Keyboard shortcuts

Press or to navigate between chapters

Press S or / to search in the book

Press ? to show this help

Press Esc to hide this help

Embedding Model Comparison

Which embedding model should you use with codescout? This page summarizes benchmark results and real-world usage data to help you choose.

This comparison is based on the codescout codebase (417 files, ~32K chunks) as of 2026-04-03. Results may vary with different codebases.
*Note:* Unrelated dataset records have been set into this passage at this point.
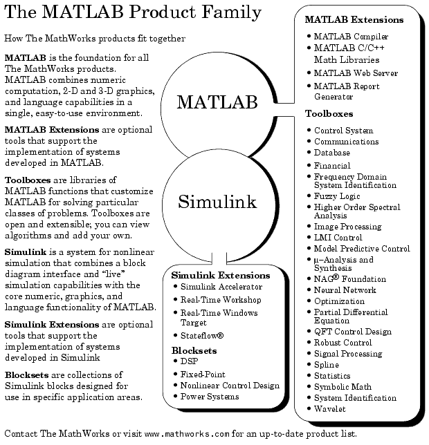Toolbox-urile reprezinta o familie de aplicatii care permit invatarea si aplicarea tehnologiilor specializate din diverse domenii. Aceste toolbox-uri sunt colectii de functii MATLAB (functions) (M-files) care extind mediul MATLAB pentru rezolvarea unor clase particulare de probleme. Cateva din cele mai utilizate aplicatii sunt prezentate in figura urmatoare.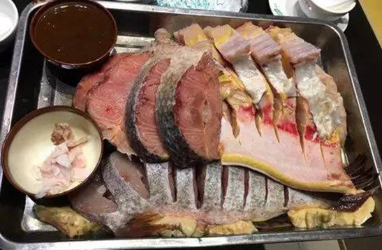 我們指著其中一缸里的魚說:這個多少錢一斤?廚房主廚回答:128元/斤。其實我也不知道那是什么魚,養在缸里看著也很小條,就說要不弄兩條?廚房主廚就立馬用網撈出兩條,看都不給我看一下,立即拍死在案!我還沒回過神呢,說兩條你就弄兩條,我怎么知道那魚一條有多重啊!結果一稱,兩條魚9斤多!我們就4個大人1個小孩,明顯吃不完呀!老板喊冤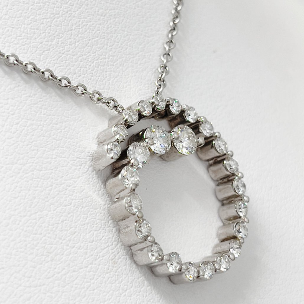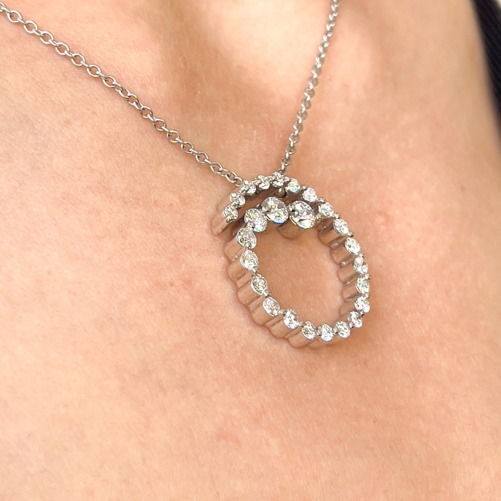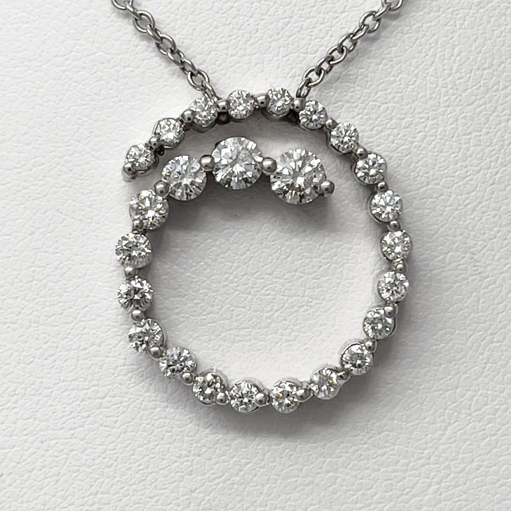 18k White Gold Spiral Swirl of Diamonds Pendant Necklace 2044-43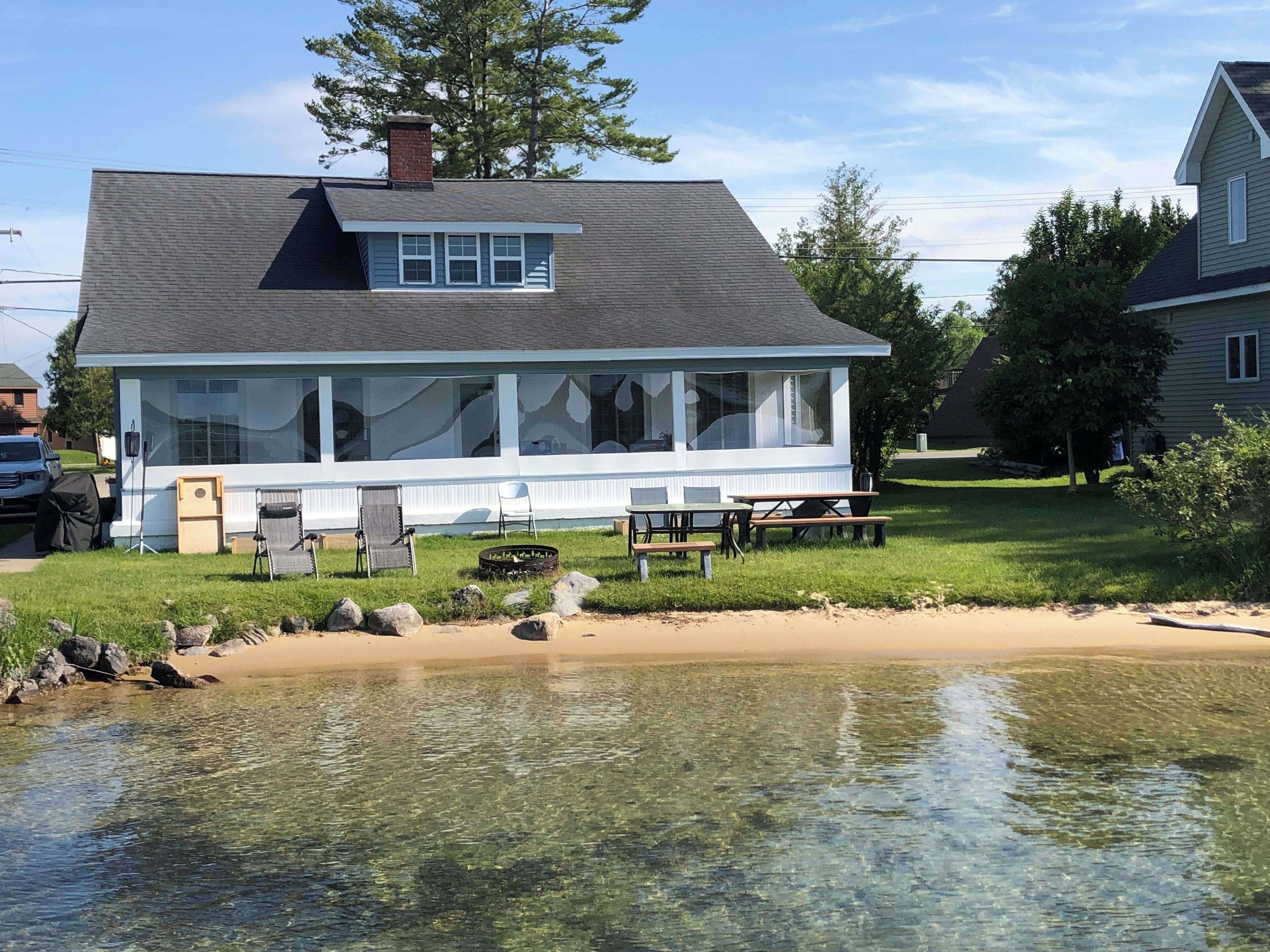 Torch Lake Oasis: Serene Views & Waterfront Bliss Await! Welcome to your Torch Lake haven! Our 3BR/1BA home sits on a pristine 70ft of waterfront, offering the perfect mix of relaxation and adventure.Your Lakeside EscapeDive into comfort with our sunroom, showcasing stunning lake views—ideal for serene mornings or tranquil evenings. Enjoy modern amenities: high-speed WiFi, AC, fully equipped kitchen, and an ice maker for your convenience.Sleeping Solutions for AllOur space is optimized for families and groups: a futon, love seat-bed, twin bunk bed with trundle, full and queen mattresses, plus two queen air mattresses and a sectional couch to ensure everyone has a cozy spot.Outdoor Fun Begins HereYour backyard is Torch Lake's clear waters. With a private dock and mooring buoy, access to water activities is effortless. The sand bar, a short walk away, is perfect for socializing and sunbathing.Memorable Moments AwaitWhether it's lakeside relaxation, boating adventures, or quality time with loved ones, our home is your backdrop for unforgettable memories. The beauty of Torch Lake, combined with our home's charm, offers a unique escape.Book Your Torch Lake GetawayExperience the tranquility and beauty of Torch Lake. Our home isn't just a stay—it's where moments become cherished memories. Don't let this escape slip away. Book now for a blend of nature's beauty and homey comfort. Your adventure at Torch Lake awaits!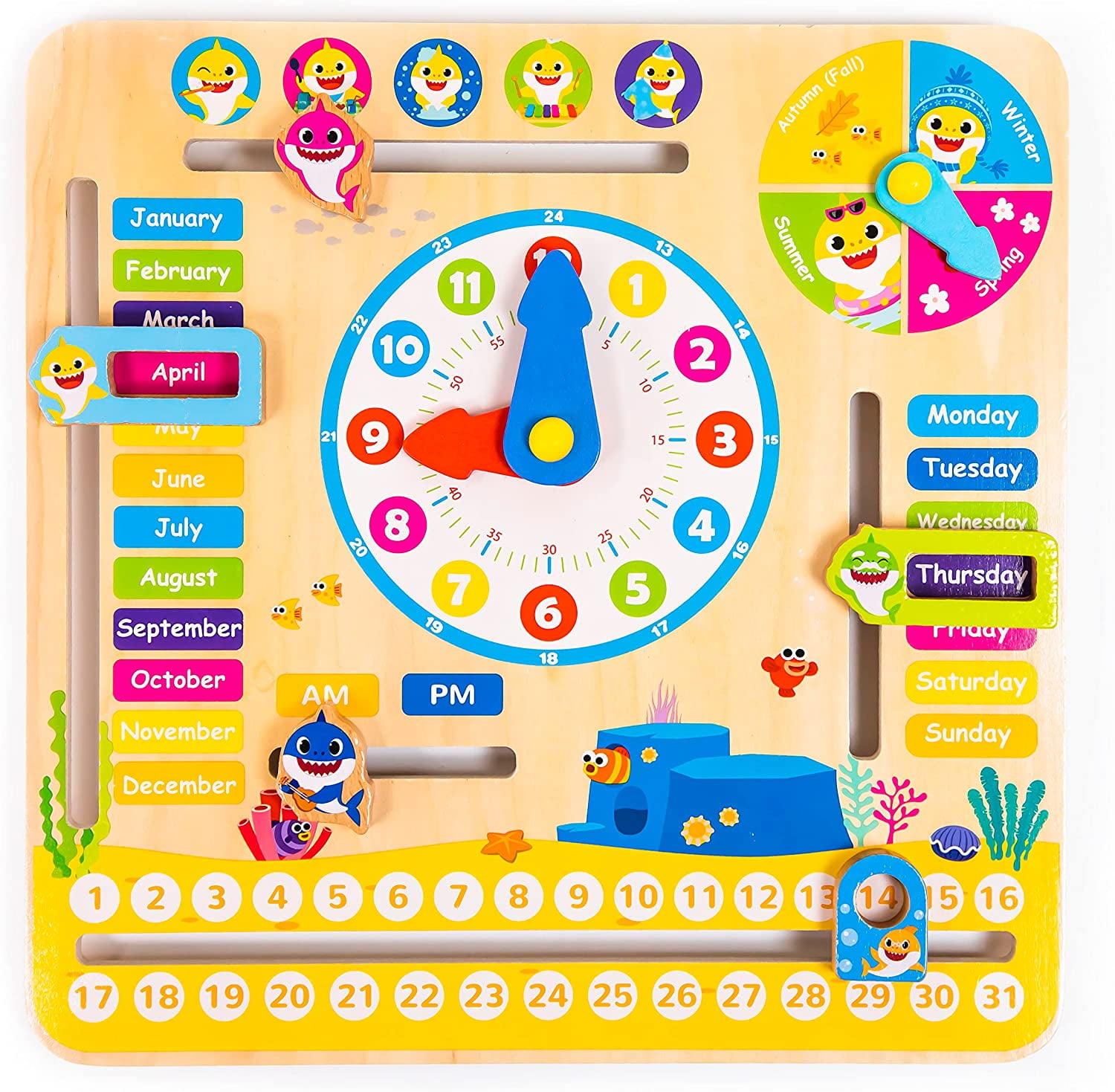 Pidoko Kids Baby Shark Wooden Clock Calendar All About Today Board Montessori Toys For Toddlers 3 Walmart Com

We will update this page as we collect more real-world data.

Models Tested

ModelDimsContextSizeBackendSetup
local:AllMiniLML6V2Q384256 tok22 MBBundled ONNX (CPU)None — works out of the box
nomic-embed-text7688,192 tok274 MBOllamaollama pull nomic-embed-text
nomic-embed-code (Q4_K_M)358432,768 tok4.1 GBllama.cpp (GPU)Download GGUF + start server

Benchmark Results

We tested 20 queries across 4 complexity tiers, scoring each 0-3 based on whether the expected source files appeared in the top 10 results.

Overall Scores (max 60)

nomic-embed-code ████████████████████████████████████░░░░░░░░░░░░░░░░░░░░░░░░░░░░  36/60
AllMiniLML6V2Q   ██████████████████████████████████░░░░░░░░░░░░░░░░░░░░░░░░░░░░░░  34/60
nomic-embed-text ████████████████████████████████░░░░░░░░░░░░░░░░░░░░░░░░░░░░░░░░  32/60

By Complexity Tier

TierWhat it testsBest modelScore
1. Direct Concept (5 queries)Single named type, module, or featurenomic-embed-text12/15
2. Two-Concept (7 queries)Relationship between two conceptsnomic-embed-code17/21
3. Cross-Cutting (5 queries)Three+ concepts, architectural flowsnomic-embed-code7/15
4. Architectural (3 queries)Design invariants, consistency patternsAllMiniLML6V2Q5/9

No single model dominates all tiers.

Practical Metrics

MetricAllMiniLML6V2Qnomic-embed-textnomic-embed-code
Index time (417 files)70 seconds60 seconds25 minutes
DB size71 MB55 MB372 MB
Chunk count32,09811,88711,868
RequiresNothingOllama runningGPU + llama.cpp server

Analysis of 31,674 tool calls across 70+ real projects:

  • symbols17.8% of all calls (the workhorse)
  • grep2.3%
  • semantic_search1.1% (349 calls total)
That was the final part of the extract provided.